CORONARY PRESSURE WIRES AND MEASURING TOOLS

Continued improvement in pressure guidewire technology has facilitated the accurate interrogation and measurement of complex coronary anatomies. Contemporary guidewire-based pressure indices are fitted with sensors that use either electrical or fibre-optic signal transmission. Advances in manufacturing processes have resulted in an improved accuracy and stability of the sensor, thus, minimising the drift phenomenon with workhorse guidewire-like characteristics, resulting in optimised torque control and manoeuvrability. The latter is critical for the safe wiring of the target vessel prior to the measurement of pressure loss and PCI. Microcatheter-based pressure measurement technology requires a 0.014” guidewire, according to anatomy or operator preference, but requires a 0.020” shaft profile for the microcatheter, which may interfere with measurements, especially in small vessels or severe stenoses, and can be difficult to navigate around tight angulations. The currently available and pending devices for invasive functional assessments are shown in Supplementary Table 4.

Physiological assessment of post-PCI results

Post-PCI intracoronary pressure measurements can identify residual flow-limiting disease, differentiate residual focal lesions from diffuse disease and provide prognostic information. Whilst a higher post-PCI FFR is associated with a lower incidence of adverse clinical outcomes, the cut-off point for an optimal PCI result is still debated68. A post-PCI FFR ≥0.90 has been associated with a significantly lower risk of repeat PCI and MACE in a systematic review of 7,470 patients69. The most robust recent data, obtained in a patient-level meta-analysis of 5,869 vessels treated with modern drug-eluting stents, reported optimal post-PCI FFR cut-off values of 0.86 for target vessel failure and 0.80 for the composite of cardiac death or target vessel myocardial infarction70. For NHPR, a post-PCI iFR ≥0.95 was associated with improved patient outcomes in the DEFINE PCI study3. An optimal cut-off for post-PCI distal coronary pressure/aortic pressure (Pd/Pa) ratio of>0.96 has also been proposed23.

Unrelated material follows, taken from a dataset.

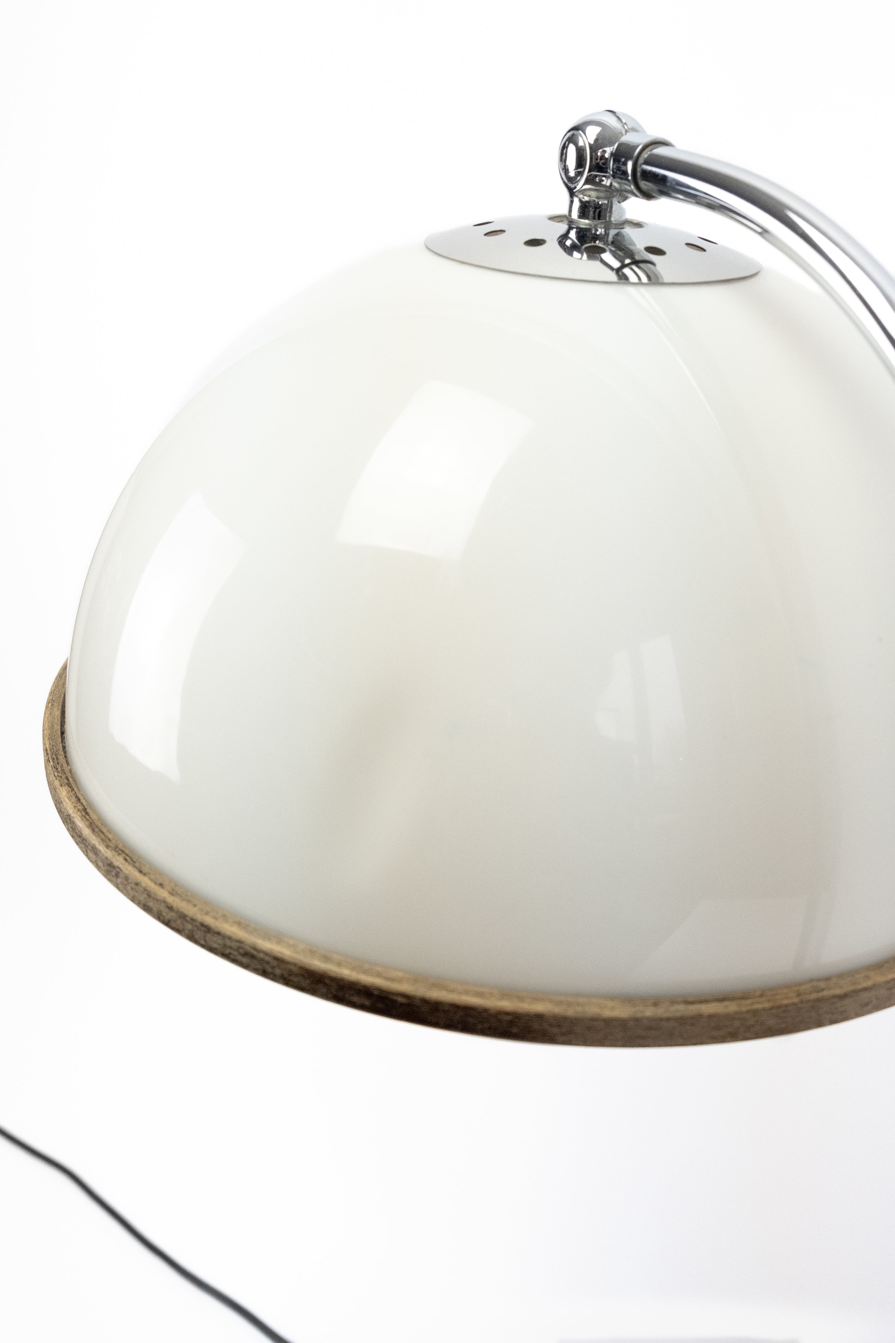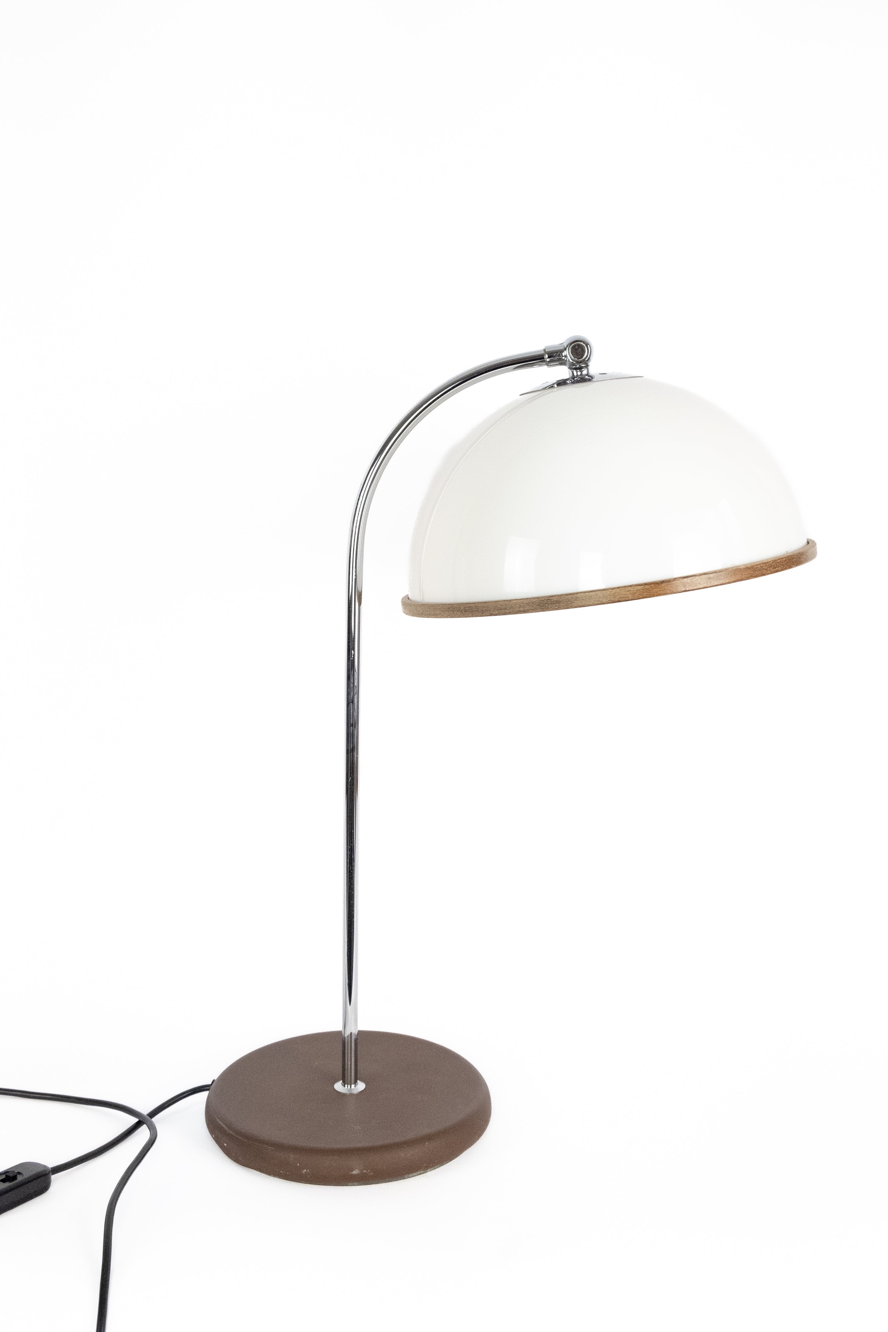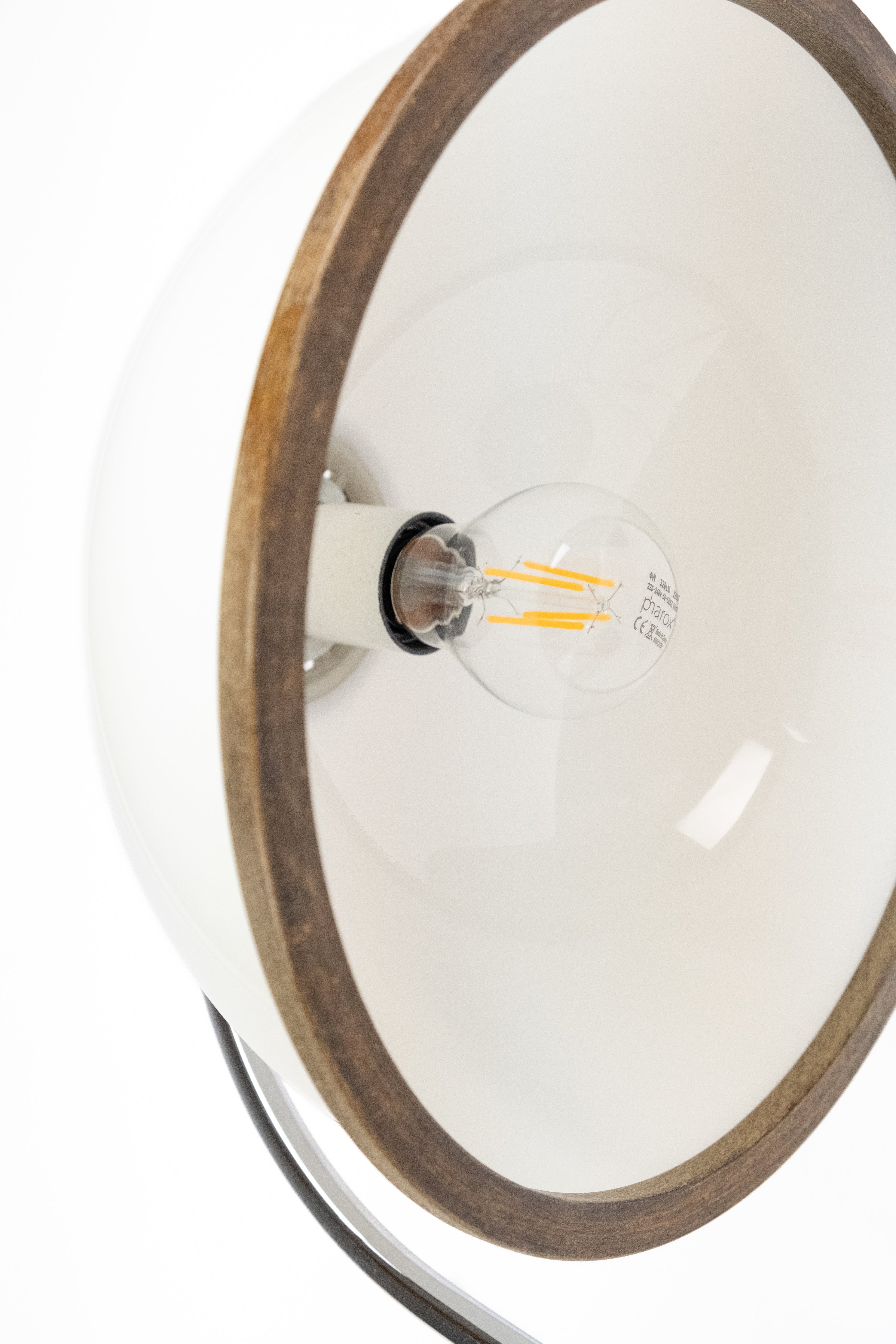 This lamp is perfect for anyone looking for unique lighting in a blend of vintage and retro styles. It features a white plastic shade with a wooden rim and a brown steel base. The lamp shows signs of use and has a small dent in the shade.

Contemporary reports indicate that post-PCI physiology results might remain below the clinical revascularisation thresholds of ≤0.80 for FFR and <0.90 for NHPR in approximately 24-36% of cases2,3,71. Potential mechanisms of suboptimal post-PCI physiology results are outlined in Figure 4. Additional interventions guided by post-PCI coronary physiology assessments can improve the final result2,10,71. Caution should be exerted to avoid overtreatment, for example when the identified cause of suboptimal functional results entails treatment of long coronary segments or aggressive lesion manipulation. Intracoronary imaging may contribute to a better understanding of the cause of suboptimal functional results and to safer decision-making. Furthermore, it has to be kept in mind that cardiovascular risk may differ between patients despite having achieved an optimal functional result; this is largely dictated by the extension and characteristics of underlying atherosclerosis.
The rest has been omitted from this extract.